Cervical spondylotic myelopathy (CSM) is a degenerative disease with occult onset and progressive aggravation that leads to spinal cord dysfunction endangering human health [1,2]. Main risk factors of CSM are cervical disk herniation, cervical bone hyperplasia, ligament hypertrophy, or cervical canal stenosis [2,3,4]. For patients with multilevel CSM who do not respond to conservative treatment, surgery is the standard treatment. Cervical laminoplasty is a decompression procedure without fusion conducted to enlarge the cervical spinal canal via the posterior approach for treatment of CSM. Posterior cervical laminoplasty procedure is performed by two main techniques, including posterior cervical single-door laminoplasty and posterior cervical double-door laminoplasty [5,6,7].

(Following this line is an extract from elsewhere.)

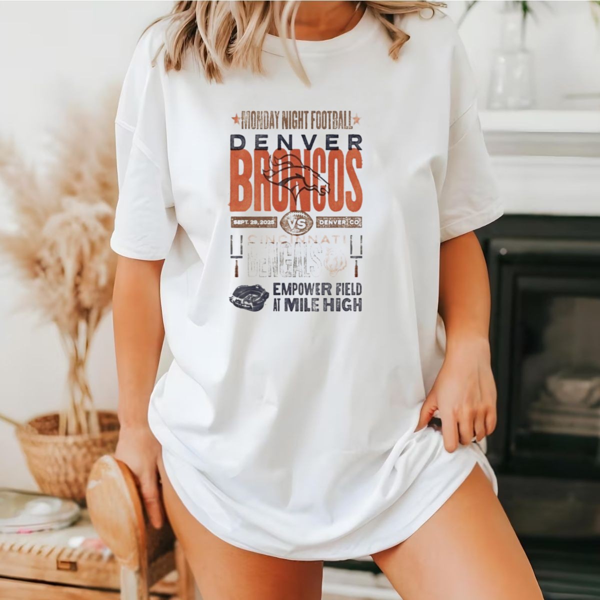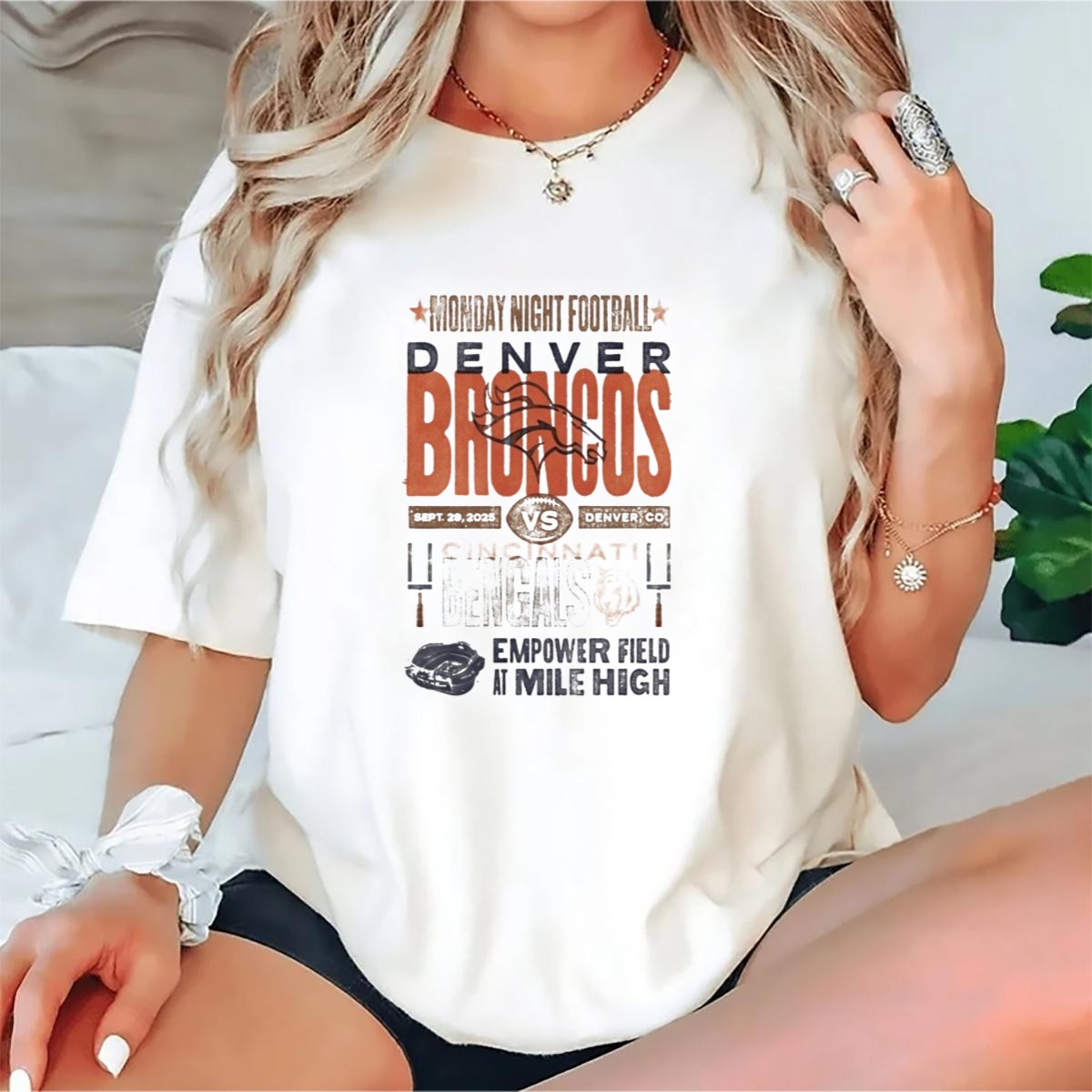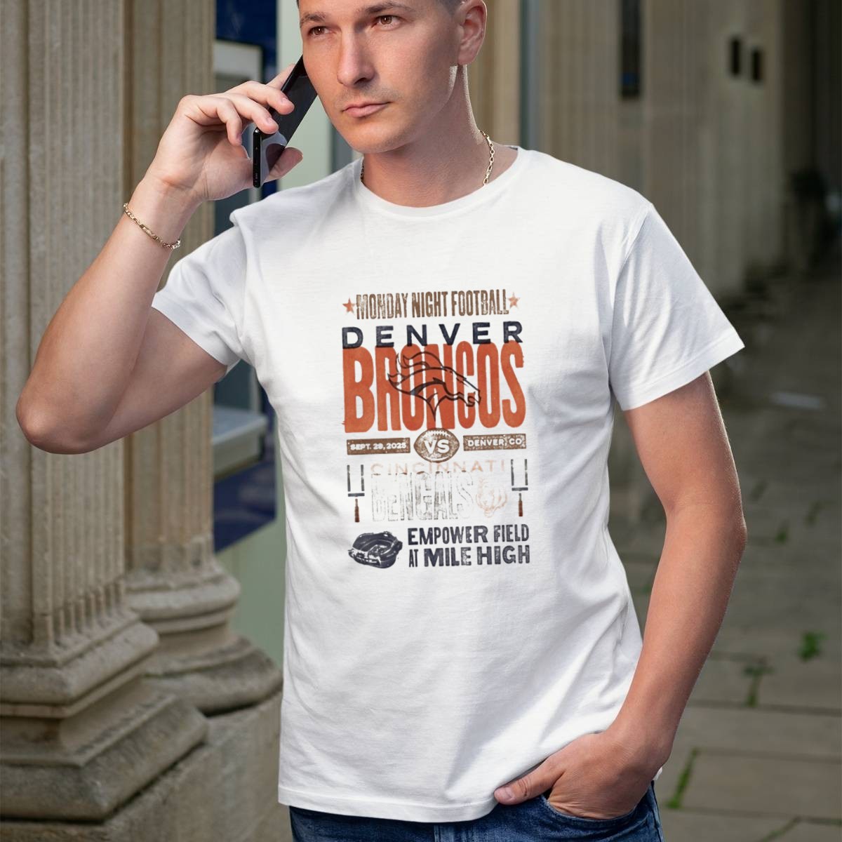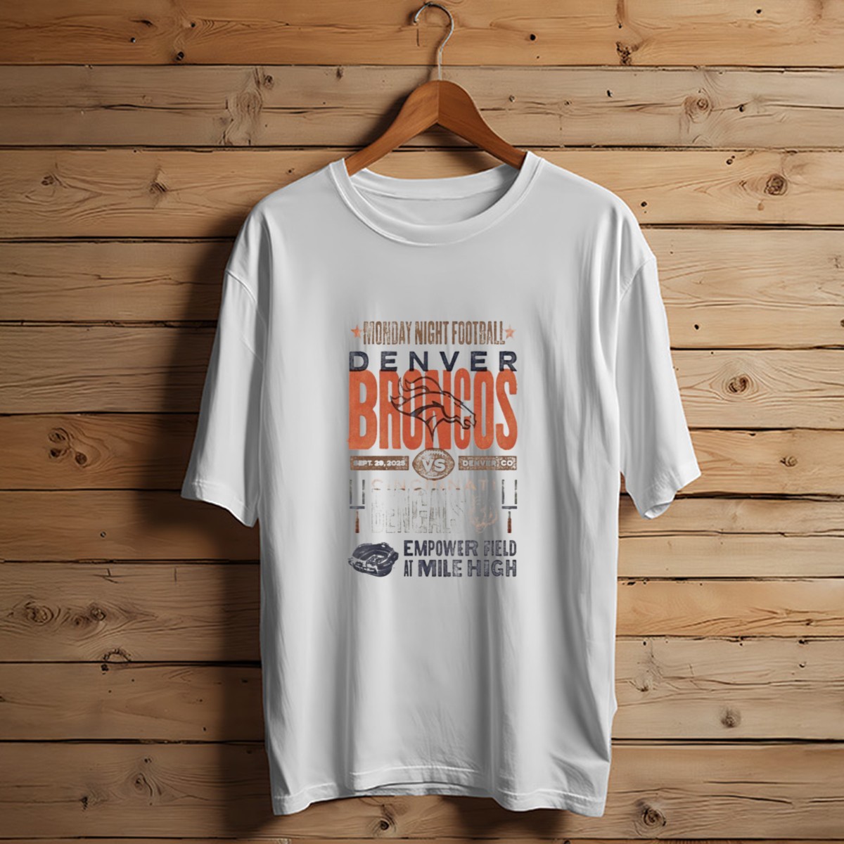 Get ready for game day with our Monday Night Football Denver Broncos vs Cincinnati Bengals T-shirt! Designed for passionate football fans, this shirt is perfect for wearing to the game at Empower Field at Mile High or while cheering from the comfort of your home. Featuring a unique fan-made design printed in the USA, this classic tee showcases your love for the sport and your favorite teams in a stylish and comfortable way.

Cervical sagittal balance plays a pivotal role in spine surgeries, particularly cervical laminoplasty due to its significant impact on the clinical outcomes in cervical spine surgery [8,9]. Moreover, cervical balance serves an important function in defining surgical strategy and predicting clinical outcomes following surgery [10,11,12]. In line with advances in image processing and modeling, different radiologic and imaging factors have been proposed to manifest cervical balance and to evaluate its usefulness [13]. Studies on cervical sagittal alignment were initially focused on normative data but then expanded into correlation with global sagittal balance, prognosis of various conditions, surgery outcomes, definition and classification of cervical deformity, and prediction of targets for ideal cervical reconstruction [13,14,15]. In recent years, different markers such as thoracic inlet angle (mimicking pelvic incidence in the thoracolumbar spine), T1 slope (T1s), and T1s minus cervical lordosis (TS-CL) have been introduced as pivotal parameters for assessment of cervical sagittal balance in cervical laminoplasty. Several studies have revealed the usefulness of these radiological parameters; however, the accurate measurement of T1s is a challenging procedure for many patients because of their short necks or impediment of shoulder shading. This fundamental limit impedes the usefulness and accuracy of these cervical parameters to all patients.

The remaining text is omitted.